#### [The problem]
Find the line containing "Deco Home Zenn" in the listing below. Repeat it exactly, along with each following line up to and including the one containing "Uniformed student and".

#### [Listed entries]
··········
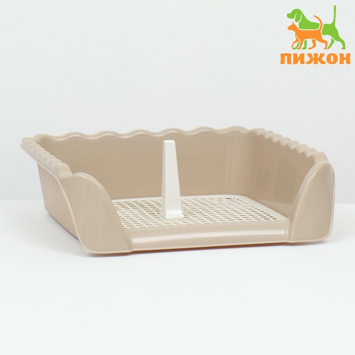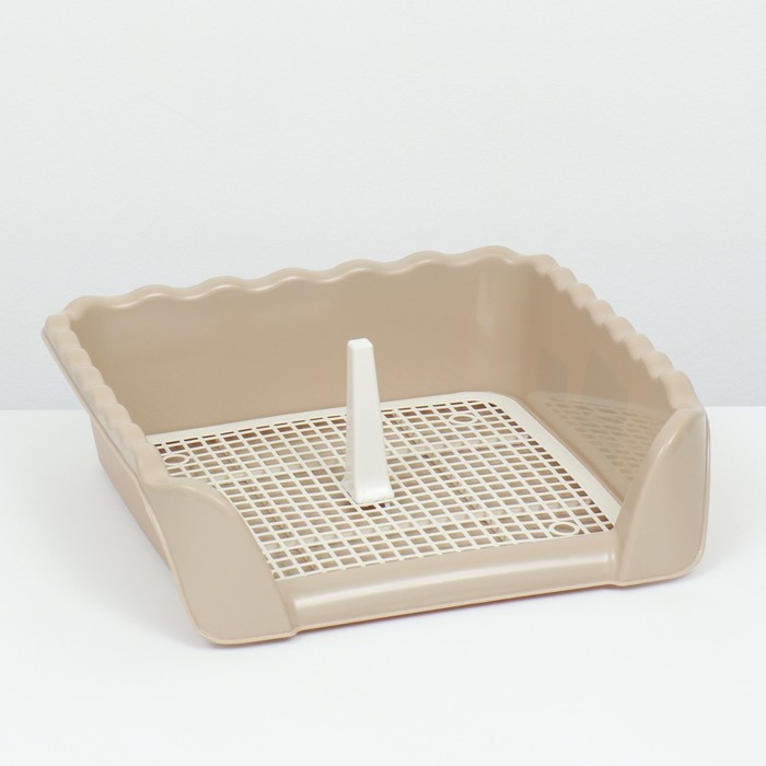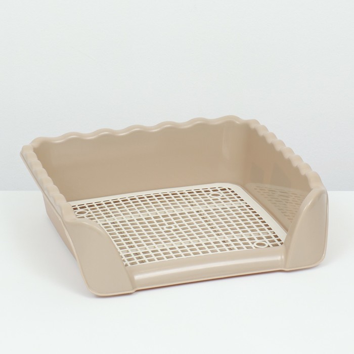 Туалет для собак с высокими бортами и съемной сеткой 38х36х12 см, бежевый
··········
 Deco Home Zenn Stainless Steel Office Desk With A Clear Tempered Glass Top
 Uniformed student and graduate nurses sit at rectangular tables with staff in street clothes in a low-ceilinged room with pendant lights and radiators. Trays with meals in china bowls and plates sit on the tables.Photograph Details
··········
#### [Result below]
 Deco Home Zenn Stainless Steel Office Desk With A Clear Tempered Glass Top
 Uniformed student and graduate nurses sit at rectangular tables with staff in street clothes in a low-ceilinged room with pendant lights and radiators. Trays with meals in china bowls and plates sit on the tables.Photograph Details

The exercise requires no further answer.